Scientists as well as the general public have realized the importance of protecting the developing fetus and child from adverse outcomes of chemical exposures. Over the past several decades, expert panels have repeatedly supported evaluation of effects on the developing nervous system to fully understand the toxicological profile of chemicals (e.g., National Academy of Sciences 1993). In response to this situation, the U.S. EPA and OECD have developed standardized test guidelines to evaluate effects of chemical exposure during gestation and lactation (OECD 2007; U.S. EPA 1998b). The behaviors that are measured at weaning and in adulthood include (but are not limited to) motor activity, reflexes and responses, learning and memory, and automated startle response; and in addition neuropathology and morphometrics are included. Similar tests are suggested by the U.S. Food and Drug Administration (U.S. FDA; 2006) for testing of drugs meant for pediatric populations. While many of the behaviors used are the same as those described above and often used in adult rats, additional features in developmental studies include evaluating the ontogeny of these behaviors or whether there are persistent behavioral changes lasting into adulthood.

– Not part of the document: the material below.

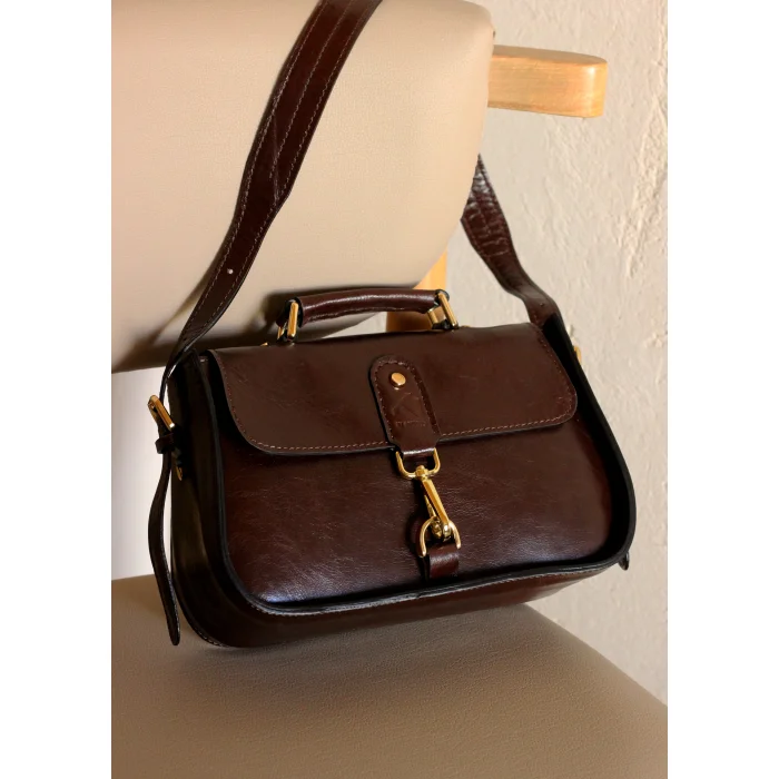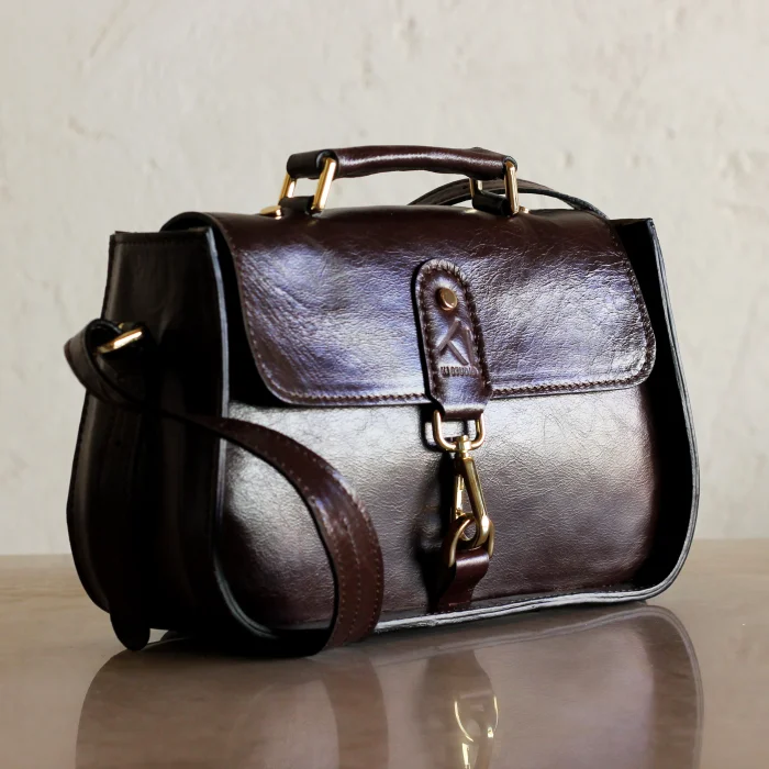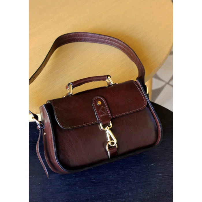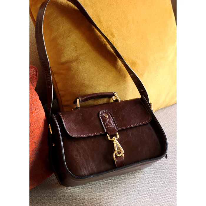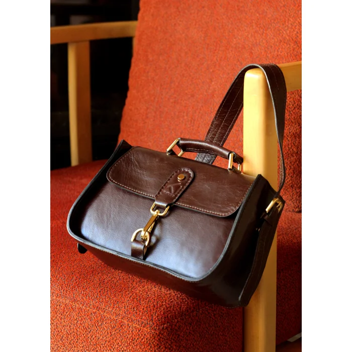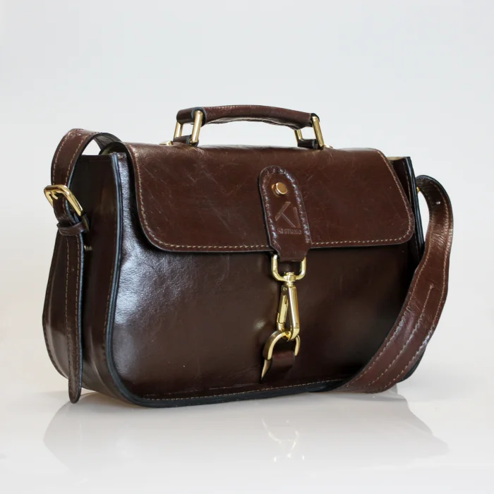 Material Used: Genuine calf leather, high quality metal accessories in light gold color and polyester waxed rope. Dimensions: Width 27 cm, Length 20 cm, Depth: 11 cm.

Neuropathological Alterations

Cerebellar

The cerebellum plays a major role in motor integration and coordination, and thus cerebellar dysfunction often presents as ataxia and motor incoordination (Morton and Bastian 2004). Loss of cerebellar granule cells in cystatin B-deficient mice displays as ataxia and myoclonic seizures (Pennacchio et al. 1998). Cerebellar lesions result in tremor; abnormal posture; and neuromotor inabilities, for example, failed balance beam performance; interestingly, many of these functions show recovery of function in the days after surgically induced cerebellar lesions (Modianos and Pfaff 1976). In addition to motor aspects of behavior, intact cerebellum function is necessary for cognition, including tests of spatial learning and classical conditioning (Lalonde and Strazielle 2003; Marien, Engelborghs, and DeDeyn 2001; Stanton 2000). A mutant mouse model (“Lurcher” mouse), which displays loss of Purkinje cells, olivary neurons, and granule cells, shows alterations in cognitive function (exploration and spatial learning) and emotion, as well as motor skills (Vogel et al. 2007).

3-Acetyl pyridine (3AP) is a toxicant that destroys the inferior olivary nuclei with a single dose (Balaban 1985; Desclin and Escubi 1974) and has been used as a model for cerebellar ataxia (Butterworth et al. 1978; Jolicoeur et al. 1979). In a comparative study, neuromuscular toxicity was detected using several behavioral tests: the FOB, motor activity, and schedule-controlled operant responding (Moser and MacPhail 1990). 3AP produced ataxia, altered equilibrium, decreased grip strength, lower motor activity, and slower operant responding. The FOB measures, particularly gait changes, were the most sensitive in terms of effective doses. Furthermore, recovery of motor activity and operant responding was evident over several weeks, but through observations it was clear that the rats continued to show neuromuscular changes. A similar profile of 3AP effects on quantitative aspects of gait, motor activity, foot splay, and several reflexes was reported by Jolicoeur et al. (1979), with recovery only on the motor activity test.

Hippocampal

The hippocampus is most implicated in development and maintenance of spatial learning and memory, as well as exploratory behavior (D’Hooge and DeDeyn 2001; Lalonde 2002; O’Keefe and Dostrovsky 1971). There are, however, complex interactions amongst the other components of the limbic system (Calton and Taube 2009). Cognitive tests often used to assess hippocampal function include spontaneous alternation, fear conditioning, Morris water maze, and radial-arm maze (Gerlai 2001). Transgenic mice overexpressing hippocampal interleukin-1beta show cognitive impairment in spatial, but not other, components of a Morris water maze task (Moore et al. 2009).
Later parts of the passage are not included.